I am not sure how it compiles and works on Windows (Cygwin could work).
If you dare to check it out: any feedback is highly welcome.
Regards, Tim
On Thursday 06 August 2015 23:40:45 Andries E. Brouwer wrote:
Today I again downloaded a large tree with wget and got only unusable
filenames. Fortunately I have the utility wgetfix that repairs the
consequences of this bug (see
http://www.win.tue.nl/~aeb/linux/misc/wget.html ), but nevertheless this
wget bug should be fixed.
(Maybe it has been fixed already? I looked at this in detail last year,
and there was some correspondence but I think nothing happened.

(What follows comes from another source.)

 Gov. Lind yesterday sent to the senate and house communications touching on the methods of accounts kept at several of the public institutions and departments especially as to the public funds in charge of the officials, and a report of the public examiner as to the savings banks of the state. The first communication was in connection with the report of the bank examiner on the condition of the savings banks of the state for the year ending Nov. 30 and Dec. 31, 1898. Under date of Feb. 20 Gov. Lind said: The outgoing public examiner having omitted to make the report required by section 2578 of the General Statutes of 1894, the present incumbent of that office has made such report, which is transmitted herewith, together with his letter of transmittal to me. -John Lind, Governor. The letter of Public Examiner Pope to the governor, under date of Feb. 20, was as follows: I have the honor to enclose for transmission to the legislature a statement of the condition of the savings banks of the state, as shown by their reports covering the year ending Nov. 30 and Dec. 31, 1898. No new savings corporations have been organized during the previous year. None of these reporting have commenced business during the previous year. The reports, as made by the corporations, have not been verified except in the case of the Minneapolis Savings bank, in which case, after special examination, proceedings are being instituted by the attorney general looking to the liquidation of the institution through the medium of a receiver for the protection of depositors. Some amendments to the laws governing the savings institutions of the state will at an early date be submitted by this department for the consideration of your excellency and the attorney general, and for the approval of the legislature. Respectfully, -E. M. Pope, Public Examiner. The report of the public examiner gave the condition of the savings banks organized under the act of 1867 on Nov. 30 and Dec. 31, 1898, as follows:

Have not looked at the latest sources.)
What happens is that wget under certain circumstances escapes
certain bytes in a filename. I think that this was always a mistake,
but it did not occur very much and was defendable: filenames with
embedded control characters are a pain.
Today the situation is just the opposite: when copying from a remote
utf8 system to a local utf8 system correct and normal filenames
are escaped to create illegal filenames that cannot be used
and are worse than a pain, one cannot do much else than discard them.
What can the user do?
If she is on Windows, she is told to switch to Linux:
I can't help Windows users, but Wget is a power-user tool.

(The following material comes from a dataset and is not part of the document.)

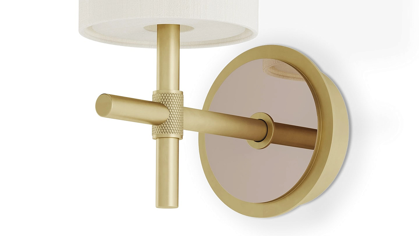 Изысканный настенный светильник VIENNA, сочетающий в себе неподвластный времени стиль и сдержанный гламур, имеет цилиндрический двойной шелковый абажур с рассеивателем и урезанную конструкцию из матовой латуни, приподнятую вставным кругом бронзового зеркала.

And a Windows power-user should be able to start a virtual
machine with Linux running to use tools like Wget.
Is she is on Linux, the easiest is to discard all that was downloaded
and start over again, this time with the option
--restrict-file-names=nocontrol
If the user knows about wgetfix, that is an alternative.
One can also use curl instead of wget.
See also
http://savannah.gnu.org/bugs/?37564
http://stackoverflow.com/questions/22010251/wget-unicode-filename-errors
http://stackoverflow.com/questions/27054765/wget-japanese-characters
http://askubuntu.com/questions/233882/how-to-download-link-with-unicode-usin
g-wget http://www.win.tue.nl/~aeb/linux/misc/wget.html
Below I suggested an easy fix, and discussed some details.
Andries
On Wed, Apr 23, 2014 at 01:57:15PM +0200, Andries E. Brouwer wrote:
On Wed, Apr 23, 2014 at 12:59:43PM +0200, Darshit Shah wrote:
On Tue, Apr 22, 2014 at 10:57 PM, Andries E. Brouwer wrote:
If I ask wget to download the wikipedia page
http://he.wikipedia.org/wiki/ש._שפרה
then I hope for a resulting file ש._שפרה.

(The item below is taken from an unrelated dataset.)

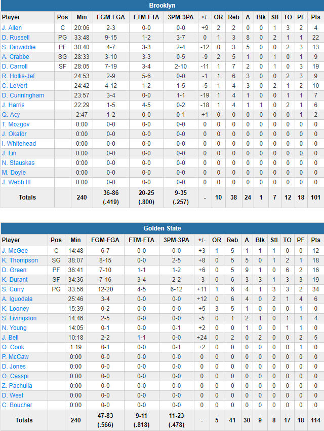 Ils ont été menés par Stephen Curry, bien remis de sa petite blessure à la cheville puisqu’il signe 34 points à 12/20 dont 6/12 derrière l’arc en plus de 6 rebonds, 4 passes et 3 interceptions. Il a été aidé par les 19 points de Kevin Durant, les 18 de Klay Thompson et les 16 de Draymond Green (9 passes) alors que JaVale McGee ajoute 12 points à 6/7. Les champions shootent à 56.6% dont un joli 11/23 à 3-pts, bien mieux que les Nets, qu’ils ont limité à 42.4% dont 9/34 à 3-pts. Ces derniers ont pu compter toutefois sur 22 points à 9/15 et 8 passes de D’Angelo Russell et 19 points à 7/19 et 7 rebonds de DeMarre Carroll. Ces derniers s’inclinent pour la 4ème fois de suite et restent plus que jamais en course pour le pire bilan de la ligue, même s’il y a de la concurrence.
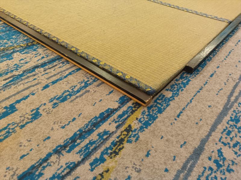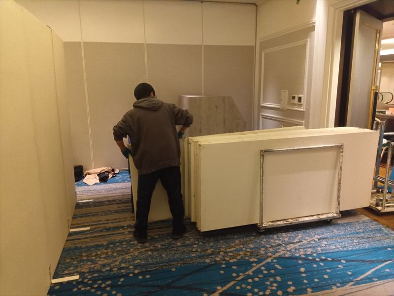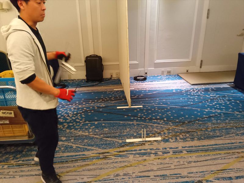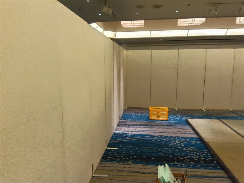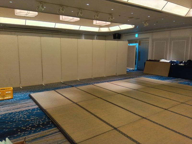 今回の呉服展示会場づくりは、まずホテル会場の洋風絨毯の上に畳を設置する工程から始まりました!

Instead, wget gives me ש._שפר\327%94, where the \327
is an unpronounceable byte that cannot be typed
(This is an UTF-8 system and the filename
that wget produces is not valid UTF-8.)
Maybe it would be better if wget by default used the original filename.
This name mangling is a vestige of old times, it seems to me.
This is a commonly reported grievance and as you correctly mention a
vestige of old times. With UTF-8 supported filesystems, Wget should
simply write the correct characters.
I sincerely hope this issue is resolved as fast as possible, but I
know not how to. Those who understand i18n should work on this.
It is very easy to resolve the issue, but I don't know how backwards
compatible the wget developers want to be.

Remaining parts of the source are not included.